Required action: Repeat the records in full. No pictures belong in the copy.

Dataset content:
⁂
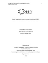 Un modelo de gestión del conocimiento se define como un sistema organizado que integra procesos, políticas y tecnologías con el propósito de agilizar la creación, captura, almacenamiento, distribución y aplicación efectiva del conocimiento dentro de una organización, su objetivo fundamental radica en optimizar la utilización de la información y el conocimiento disponible, con el propósito de mejorar el rendimiento, la toma de decisiones, la resolución eficiente de problemas y fomentar la innovación. Los modelos de gestión de conocimiento promueven el aprendizaje continuo, preserva el conocimiento, fortalece la competitividad y facilita la adaptación a los cambios. Para la ejecución del proyecto de intervención empresarial, se llevó a cabo un estudio de las diferentes teorías, seguido de un análisis de diversos modelos de gestión del conocimiento. A través de una investigación aplicada y descriptiva, se procedió con el diagnóstico organizacional y la evaluación de la madurez en la gestión del conocimiento de la empresa sujeta a intervención, los resultados revelaron un nivel bajo de madurez, señalando que, aunque la empresa dispone de herramientas para la gestión del conocimiento, estas son subutilizadas y carecen de un plan de aplicación alineado con el equipo y con los objetivos de la empresa. Con base en los hallazgos, se presenta una propuesta de modelo de gestión del conocimiento fundamentada en los referentes teóricos, Así mismo, se expone un plan de implementación diseñado para que INDTECH pueda poner en marcha de manera efectiva el modelo desarrollado, promoviendo así una gestión del conocimiento eficiente y alineada con los objetivos de la organización.
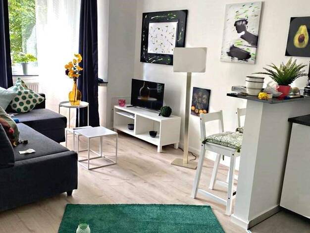 In einem charmanten 4-Parteien-Haus auf der ersten Etage befindet sich diese ruhige, gemütliche 2-Zimmer- Wohnung und verfügt über ein Schlafzimmer, ein Badezimmer sowie eine offene Pantry-Küche. Das Schlafzimmer ist mit einem franz. Bett (140 x 200 cm) sowie einem Kleiderschrank ausgestattet. Das Badezimmer verfügt über eine Dusche, eine Toilette und ein Waschbecken. Der offene Wohn- und Essbereich mit Fußbodenheizung ist mit einem Esstisch, Stühlen und einem Wohnzimmerschrank ausgestattet. Di...
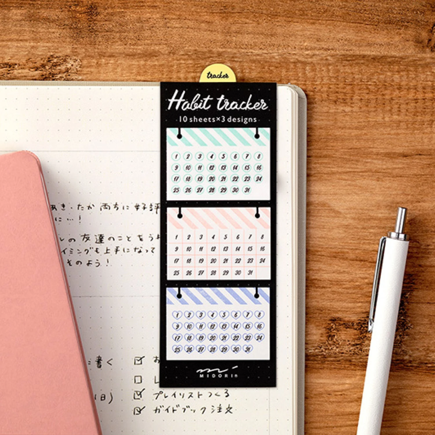 The Midori Habit Tracker stickers are perfect for tracking your daily success with your habits or goals. The sticky notes can be placed inside your planner, notebook or bullet journal to provide a visual overview of your progress.
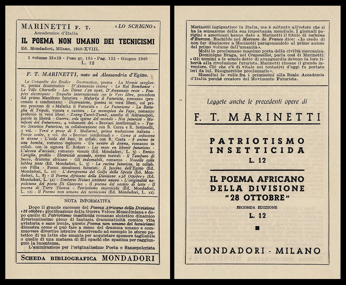 Descrizione: scheda bibliografica pubblicitaria originale, con una bibliografia e una nota informativa su Marinetti.
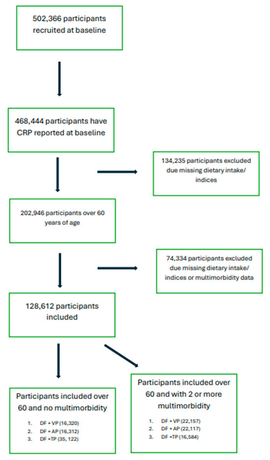 However, this study also has several limitations. The reliance on self-reported dietary intake is subject to reporting bias and both underreporting and overreporting, which could lead to inaccuracies in estimating absolute intakes. However, since the 24 h dietary recalls were repeated on multiple occasions, the bias and reporting inaccuracies may have been reduced. Secondly, the study population consisted of primarily White British adults, which limits the generalizability of the results to the wider population. As a predominantly healthy volunteer cohort, UK Biobank participants may not represent the general older adult population. Lastly, since CRP was only measured at baseline, it may not be a true proxy for ongoing systematic inflammation; however, there is evidence which supports the predictive value of baseline CRP in predicting multimorbidity and related health outcomes. Replication in other large cohorts is warranted. Further research through prospective cohort studies and randomised trials should examine these diet–inflammation links over time and test whether purposefully modifying protein and dietary fibre intakes impacts inflammatory outcomes.
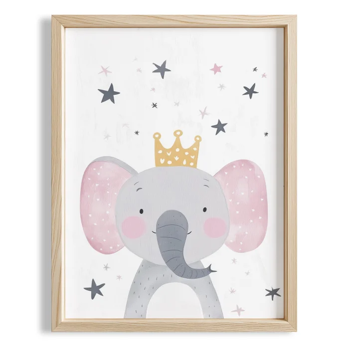 Taç Takmış Elephant Children's Room Wooden Framed Wall Art
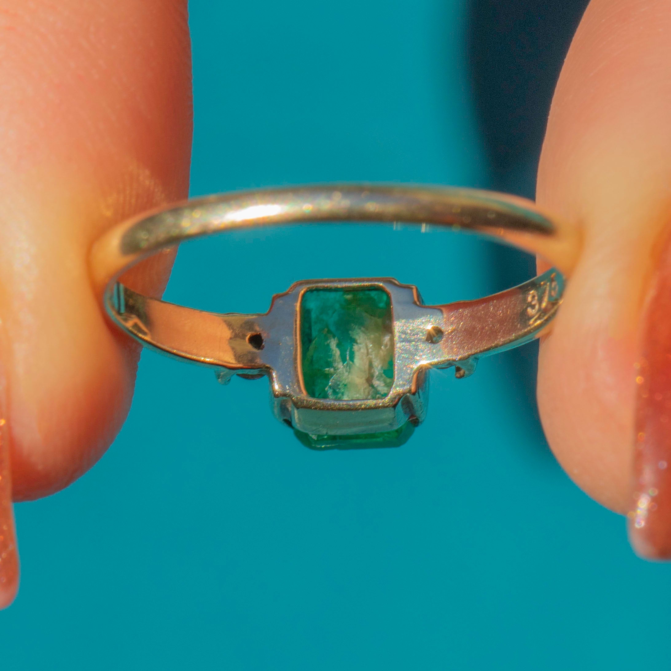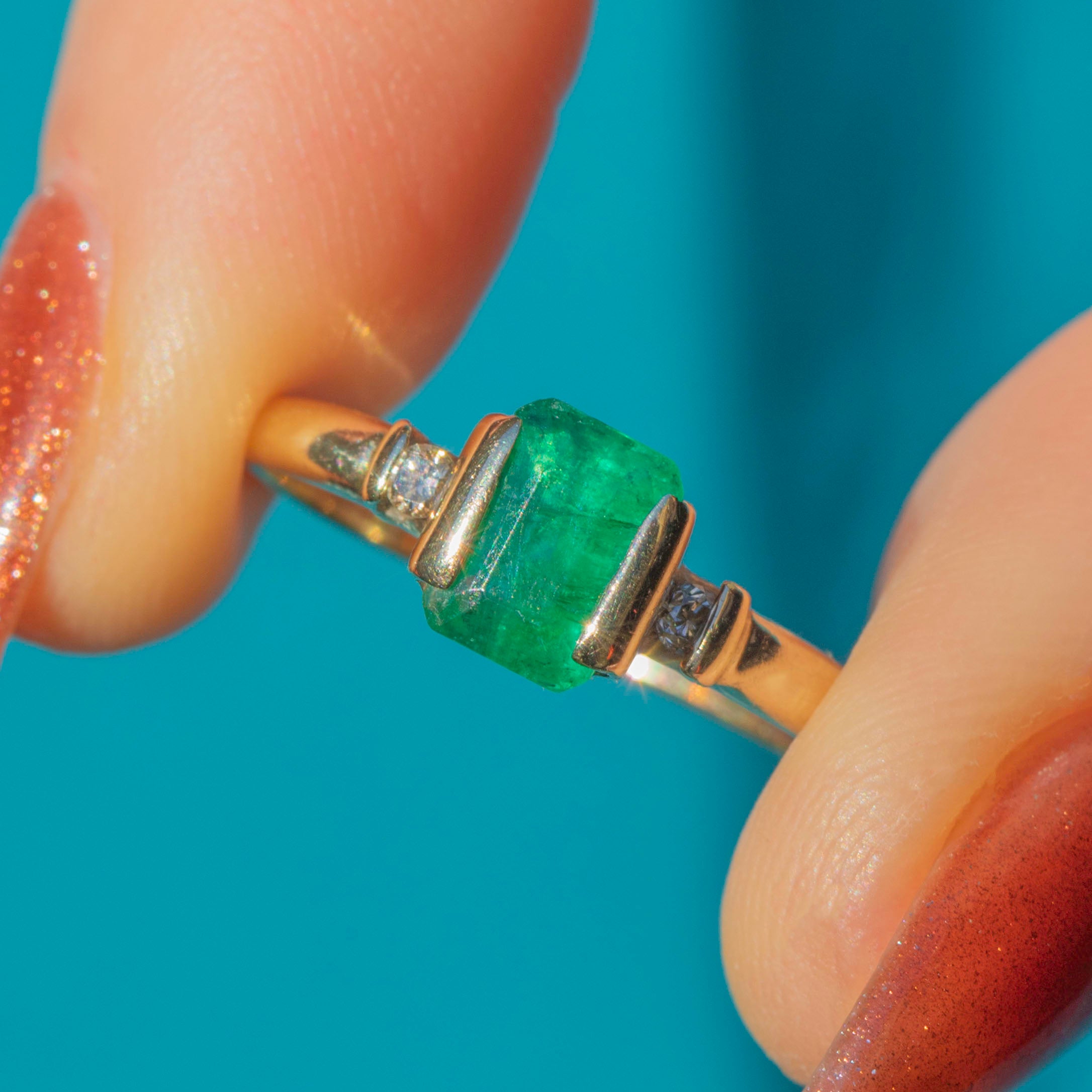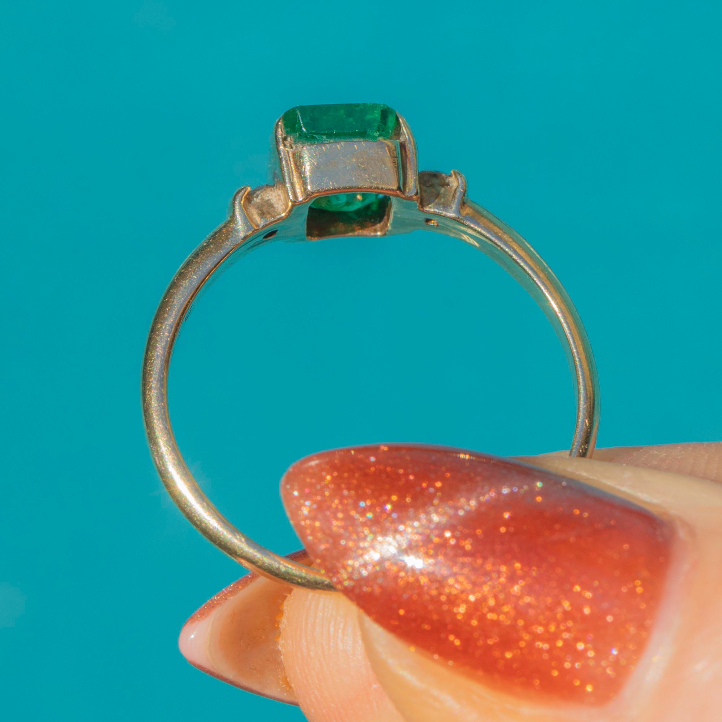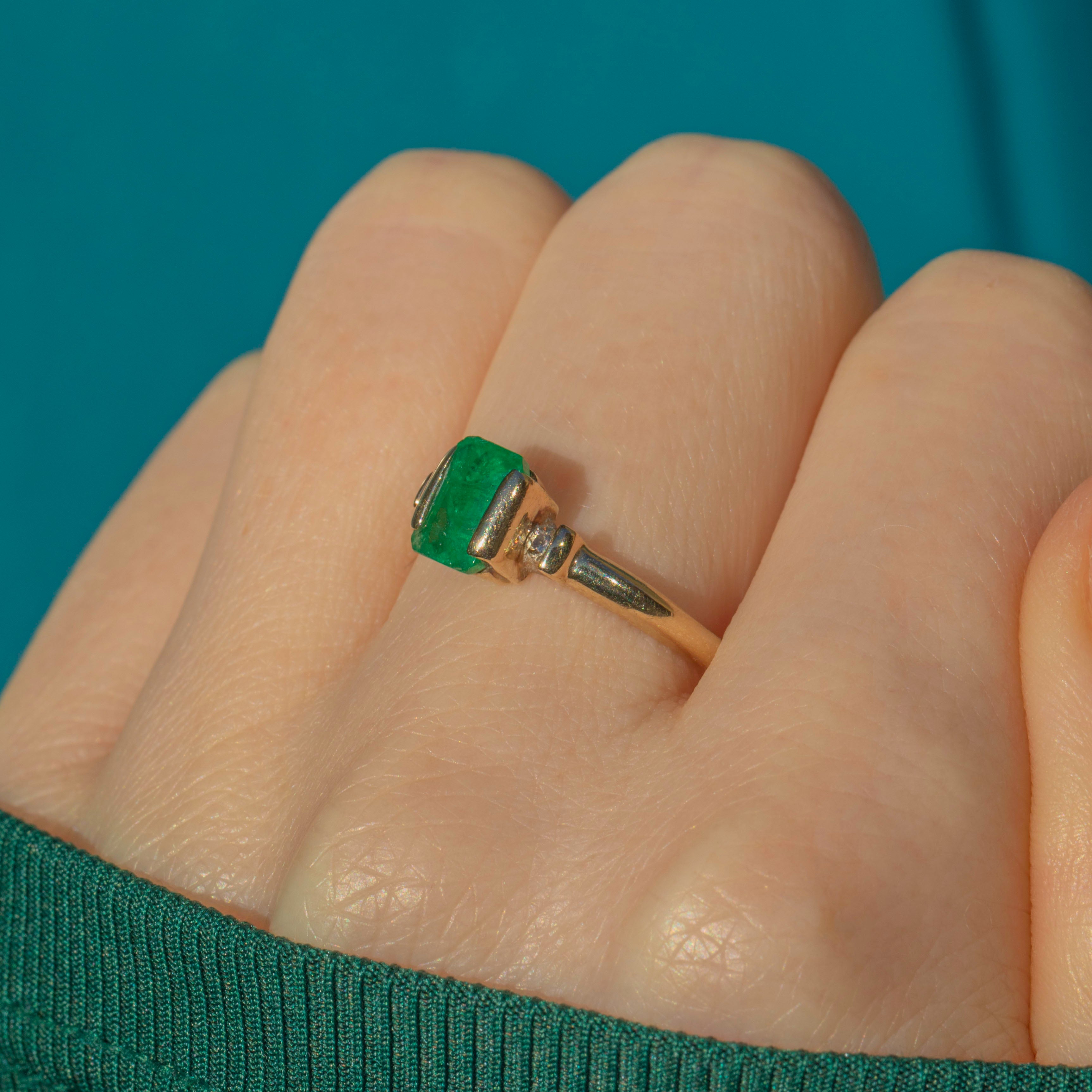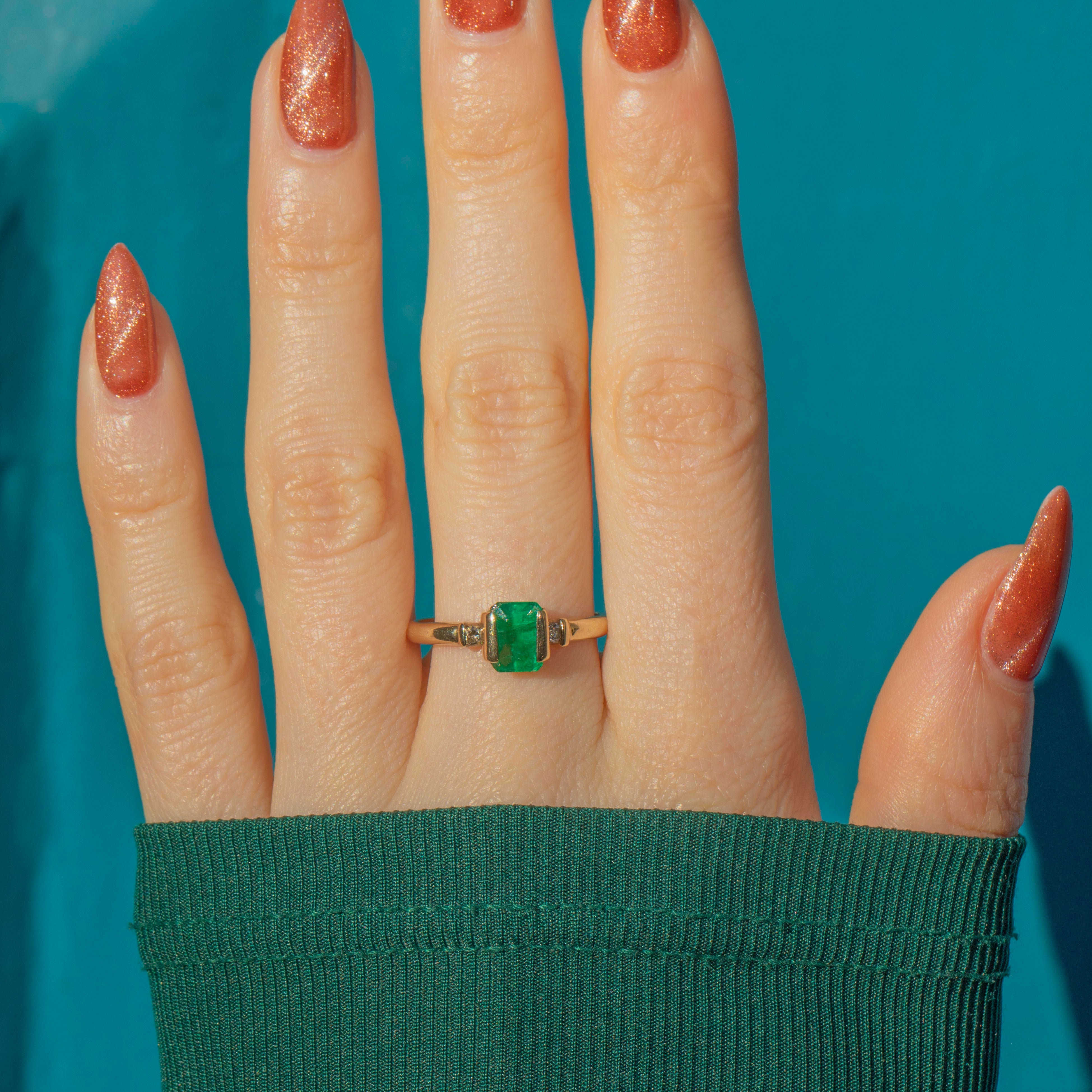 This charming vintage Emerald and Diamond ring is a gorgeous, elegant piece! In her centre sits a saturated Emerald, faceted wonderfully and radiating vibrant verdant green. She is flanked by two scintillating Diamonds, their bright sparkle emphasising the vibrancy of the central Emerald.
⁂
Exercise solution:
 Un modelo de gestión del conocimiento se define como un sistema organizado que integra procesos, políticas y tecnologías con el propósito de agilizar la creación, captura, almacenamiento, distribución y aplicación efectiva del conocimiento dentro de una organización, su objetivo fundamental radica en optimizar la utilización de la información y el conocimiento disponible, con el propósito de mejorar el rendimiento, la toma de decisiones, la resolución eficiente de problemas y fomentar la innovación. Los modelos de gestión de conocimiento promueven el aprendizaje continuo, preserva el conocimiento, fortalece la competitividad y facilita la adaptación a los cambios. Para la ejecución del proyecto de intervención empresarial, se llevó a cabo un estudio de las diferentes teorías, seguido de un análisis de diversos modelos de gestión del conocimiento. A través de una investigación aplicada y descriptiva, se procedió con el diagnóstico organizacional y la evaluación de la madurez en la gestión del conocimiento de la empresa sujeta a intervención, los resultados revelaron un nivel bajo de madurez, señalando que, aunque la empresa dispone de herramientas para la gestión del conocimiento, estas son subutilizadas y carecen de un plan de aplicación alineado con el equipo y con los objetivos de la empresa. Con base en los hallazgos, se presenta una propuesta de modelo de gestión del conocimiento fundamentada en los referentes teóricos, Así mismo, se expone un plan de implementación diseñado para que INDTECH pueda poner en marcha de manera efectiva el modelo desarrollado, promoviendo así una gestión del conocimiento eficiente y alineada con los objetivos de la organización.
 In einem charmanten 4-Parteien-Haus auf der ersten Etage befindet sich diese ruhige, gemütliche 2-Zimmer- Wohnung und verfügt über ein Schlafzimmer, ein Badezimmer sowie eine offene Pantry-Küche. Das Schlafzimmer ist mit einem franz. Bett (140 x 200 cm) sowie einem Kleiderschrank ausgestattet. Das Badezimmer verfügt über eine Dusche, eine Toilette und ein Waschbecken. Der offene Wohn- und Essbereich mit Fußbodenheizung ist mit einem Esstisch, Stühlen und einem Wohnzimmerschrank ausgestattet. Di...
 The Midori Habit Tracker stickers are perfect for tracking your daily success with your habits or goals. The sticky notes can be placed inside your planner, notebook or bullet journal to provide a visual overview of your progress.
 Descrizione: scheda bibliografica pubblicitaria originale, con una bibliografia e una nota informativa su Marinetti.
 However, this study also has several limitations. The reliance on self-reported dietary intake is subject to reporting bias and both underreporting and overreporting, which could lead to inaccuracies in estimating absolute intakes. However, since the 24 h dietary recalls were repeated on multiple occasions, the bias and reporting inaccuracies may have been reduced. Secondly, the study population consisted of primarily White British adults, which limits the generalizability of the results to the wider population. As a predominantly healthy volunteer cohort, UK Biobank participants may not represent the general older adult population. Lastly, since CRP was only measured at baseline, it may not be a true proxy for ongoing systematic inflammation; however, there is evidence which supports the predictive value of baseline CRP in predicting multimorbidity and related health outcomes. Replication in other large cohorts is warranted. Further research through prospective cohort studies and randomised trials should examine these diet–inflammation links over time and test whether purposefully modifying protein and dietary fibre intakes impacts inflammatory outcomes.
 Taç Takmış Elephant Children's Room Wooden Framed Wall Art
 This charming vintage Emerald and Diamond ring is a gorgeous, elegant piece! In her centre sits a saturated Emerald, faceted wonderfully and radiating vibrant verdant green. She is flanked by two scintillating Diamonds, their bright sparkle emphasising the vibrancy of the central Emerald.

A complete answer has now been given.